The climate was absolutely right. The austerity of early modernism was passed, but its benefits had seeped into the bloodstream. Post-minimalism was breaking out. It felt OK to like Boulez and Faust, Miles Davis and the London Musicians’ Collective. The old maps no longer worked. It wasn’t that ‘anything goes’ thing alone, but an awareness that some surprising things could be, endure even.
For the record, the previous Meltdown Directors are David Bowie (2002), Robert Wyatt (2001), Scott Walker (2000), Nick Cave (1999), John Peel (1998), Laurie Anderson (1997), Magnus Lindberg (1996), Elvis Costello (1995), Louis Andriessen (1994) and George Benjamin (1993). That tells an interesting story in itself. Three out of the first four were what would be called (badly, wrongly even) ‘classical’ composers. None of the last six (seven if you include 2003) have been. All are experimenters, sure, but latterly in fields that overlap prominently into the mainstream. Not a single jazzer, outright free-form extemporiser or techno warrior in sight – in ten years. Something starts to feel a little lopsided…
Then again, Meltdown 2003 is not without appeal. Running (as usual) at London’s South Bank Centre concert halls and platforms from 10 to 29 June 2003, the animateur this time is dub doyen Lee ‘Scratch’ Perry, a musician, songwriter, reggae legend and producer of such artists as The Clash and Bob Marley and the Wailers. He has assembled a suitably quixotic array of performers and some extraordinary confrontations. Tortoise, Public Enemy, and the legendary Arkestra (minus their late demi-god, Sun Ra, of course) are all deployed in downright curious contexts and formations. The theme seems to be ‘stand offs’. Music over ten or more rounds with no clinches barred.
Well, some clinches are barred. For somehow the 2003 line-up is not quite enough for the true width of a Meltdown experience. Jazz (as I've already indicated) is hinted at only tangentally, and more as an ethos than a musical inheritance. Contemporary composition is wholly absent. Those have been developing trends of recent years, and they are to be regretted. Perry himself also uses the opportunity to ‘join in’ perhaps a little too lavishly. From a celebration of new music which is artfully purposeful without being reverentially serious, Meltdown has become a 'virtual installation' for the more creative fringes of popular music, laced with some obvious crowd-pleasers (Macy Gray comes to mind), the inevitable commercial sponsors, the promise of some gripping collaborations for a curator who is otherwise paid little, the Flash website, and a decisive dash of nu-urban uber-hip. It's more than OK for what it is, and exciting at times -- but it's not nearly as edgy, sparky or (say the blessed word!) downright challenging as what might have been.

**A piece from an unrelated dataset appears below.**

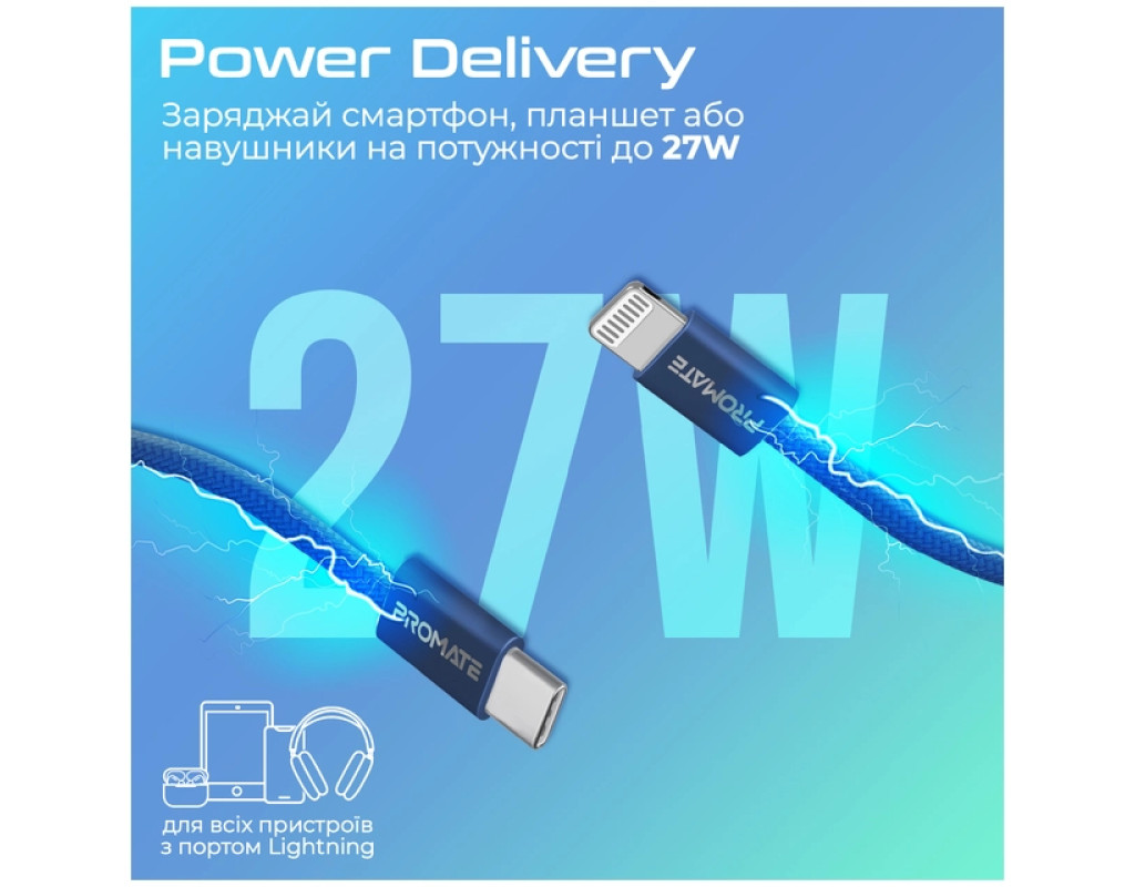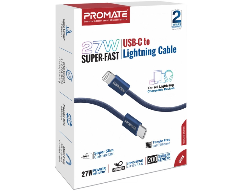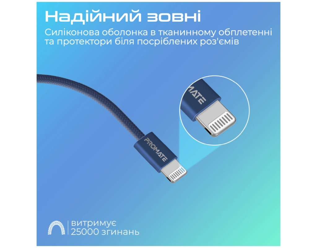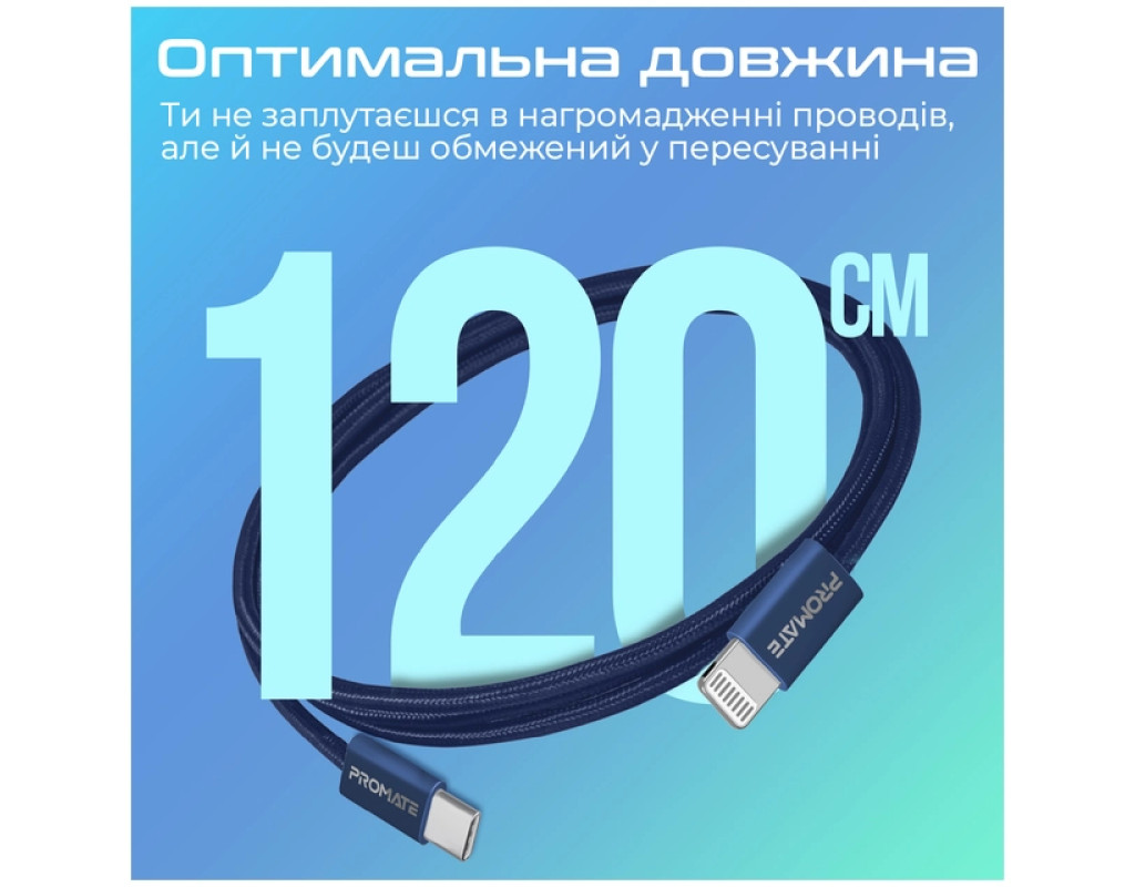 Дата кабель USB-C to Lightning 1.2m Promate (ecoline-ci120.navy)

So come on guys, share out the shades and give it to Ollie Knussen or Harry Birtwistle next year. Or Ornette Coleman, perhaps. Or Aphex Twin, for goodness sake. ‘Cos wouldn’t we all really like to know what Knussen digs on the turntablism scene? And if he doesn’t actually know yet, put him through a ‘Secret Jukebox' routine a la The Wire, or set the artistic director of the London Sinfonietta and Warp Records onto to his CD collection: the results could be mind blowing. But the way things are going it might just end up with Ali G and da RFH Massiv… Wesside, but not South Bank.
PS. Some of the Free Meltdown looks pretty groovy in its own, distinct way.